Sine and cosine lines. Sine. Cosine. Signs of sine and
cosine in different quarters of a unit circle. Tangent
and cotangent lines. Tangent. Cotangent. Signs of
tangent and cotangent in different quarters of a unit
circle. Secant and cosecant.

To build all trigonometry, laws of which would be valid for any angles ( not only for acute angles, but also for obtuse, positive and negative angles), it is necessary to consider so called a unit circle, that is a circle with a radius, equal to 1 ( Fig.3 ).
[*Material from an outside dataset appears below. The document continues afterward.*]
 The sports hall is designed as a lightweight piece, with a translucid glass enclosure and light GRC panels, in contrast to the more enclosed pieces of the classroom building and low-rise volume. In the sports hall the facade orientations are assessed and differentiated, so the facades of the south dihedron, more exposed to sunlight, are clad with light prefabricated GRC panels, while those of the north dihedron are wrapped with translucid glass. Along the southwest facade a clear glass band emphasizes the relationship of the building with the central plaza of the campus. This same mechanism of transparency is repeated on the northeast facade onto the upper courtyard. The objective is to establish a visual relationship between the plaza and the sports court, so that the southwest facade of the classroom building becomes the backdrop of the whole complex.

Let draw two diameters: a horizontal AA’ and a vertical BB’. We count angles off a point A (starting point). Negative angles are counted in a clockwise, positive in an opposite direction. A movable radius OC forms angle with an immovable radius OA. It can be placed in the 1-st quarter ( COA ), in the 2-nd quarter ( DOA ), in the 3-rd quarter ( EOA ) or in the 4-th quarter ( FOA ). Considering OA  and  OB  as positive directions and  OA’  and  OB’ as negative ones, we determine trigonometric functions of angles as follows.
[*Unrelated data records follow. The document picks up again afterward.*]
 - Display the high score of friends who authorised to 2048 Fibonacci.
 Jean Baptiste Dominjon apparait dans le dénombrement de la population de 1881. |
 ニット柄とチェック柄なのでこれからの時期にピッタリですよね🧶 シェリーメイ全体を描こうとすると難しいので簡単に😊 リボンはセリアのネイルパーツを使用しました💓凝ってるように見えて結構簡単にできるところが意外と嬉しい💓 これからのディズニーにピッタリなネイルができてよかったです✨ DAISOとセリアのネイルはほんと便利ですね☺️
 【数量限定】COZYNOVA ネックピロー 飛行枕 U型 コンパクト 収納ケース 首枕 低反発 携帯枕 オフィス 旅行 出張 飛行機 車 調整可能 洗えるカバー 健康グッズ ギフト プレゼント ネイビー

A sine line of an angle ( Fig.4 ) is a vertical diameter of a unit circle, a cosine line of an angle - a horizontal diameter of a unit circle. A sine of an angle ( Fig.4 ) is the segment OB of a sine line, that is a projection of a movable radius OK to a sine line; a cosine of an angle - the segment OA of a cosine line, that is a projection of a movable radius OK to a cosine line.

Signs of sine and cosine in different quarters of a unit circle are shown on Fig.5 and Fig.6.

A tangent line ( Fig.7 ) is a tangent, drawn to a unit circle through the point A of a horizontal diameter.
A cotangent line ( Fig.8 ) is a tangent, drawn to a unit circle through the point B of a vertical diameter.
A tangent is a segment of a tangent line between the tangency point A and an intersection point ( D, E, etc., Fig.7 ) of a tangent line and a radius line.
A cotangent is a segment of a cotangent line between the tangency point B and an intersection point ( P, Q, etc., Fig.8 ) of a cotangent line and a radius line.

Signs of tangent and cotangent in different quarters of a unit circle see on Fig.9.

Secant and cosecant are determined as reciprocal values of cosine and sine correspondingly.